2) what WordPress Plugin do you use for the comments? It looks nice and clean.
Thanks for this great tutorial
What happens if your raid card goes bust? Would replacing it (with just any new raid card) fix the problem, and you can carry on as before?
Very thorough, I’m thinking about trying it.
First let me say thank you. This was a great article, it help me so much.
I’m fairly new to the Linux world. My Company does video editing and we deal with very large files and Projects. On average one project is about 105GB or so.
We run out of disk space very fast. Backing up and storage is a issue.
Your instruction allowed me to build a 2.5TB or 1.8TB RAID5 for under $600.00 bucks with room to grow WOW.

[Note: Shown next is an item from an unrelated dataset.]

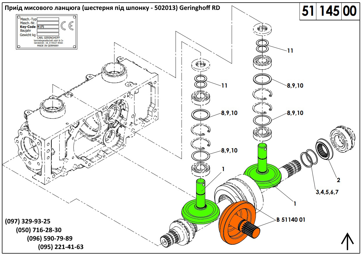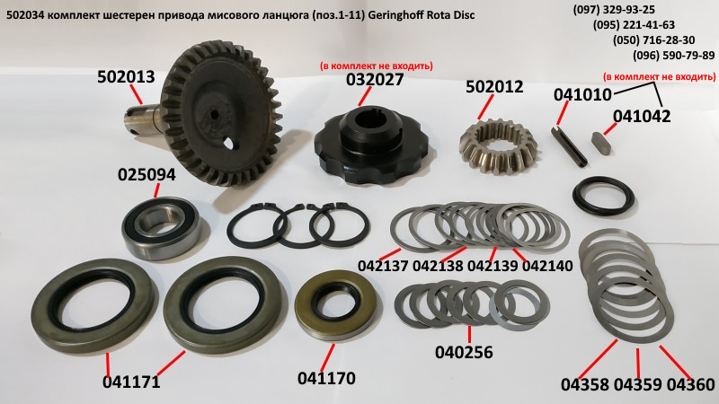 8 040358 шайба регулюальна 42x52x0,1 9 040359 шайба регулюальна 42x52x0,3 10 040360 шайба регулюальна 42x52x0,5 11 040256 шайба регулюальна 25x35x1,0 502034 комплект шестерен привода мисового ланцюга (поз.1-11) |

I will be adding another 2.5TB to the same system soon. The gaming case (Antec NINE HUNDRED Advance gaming case) I purchase has room for the upgrade.
Once again Thank you
Can You tell me the biggest SATA drives that can be installed on the Dell 2610SA RAID controller? I would like to use 4 500Gb drives, but I’m not sure if they are supported.
Hi, i actually have the Adaptec 2610SA in an HP storage server with 6 250 gb disks attached, works fine.
What i want to know is, how much disk capacity does the Adaptec 2610SA support ? Can I exchange the 250 gb disks for 500 or even 750 gb ones ? Is there an issue with the adapter bios ?
I’m still contemplating if I will try and set a FreeNAS box up and if so how I will do it. One thing I have learned is that I can can set the FreeNAS up in a virtual machine (VIrtualPC or VMWare or whatever) then take the “virtual HDD” file and use the dd command to “raw write” the file to a USB flash “thumb†drive (this actually makes the USB thumb drive a bootable device). Assuming the PC you’re using can support booting from such a thing you’ll have an extra place in your IDE chain for a another storage drive. And like you mentioned no moving parts so it should last that much longer. Doesn’t even have to be a fancy thumb drive. Even a 128Meg one will be sufficient. What do ya think? Good idea? Maybe I should write something about this…Oh, and there’s a dd port for Windows.
Great! I am impressed with the good specific details and screenshots, please write more articles.
Thanks for the guide through the 2610SA setup, have the card and working perfectly, but was unsure about the options.
You should look into clarkconnect, great linux server with capabilities for so much more
great article!! thanks for posting it! I actually built it and it works great, thank again!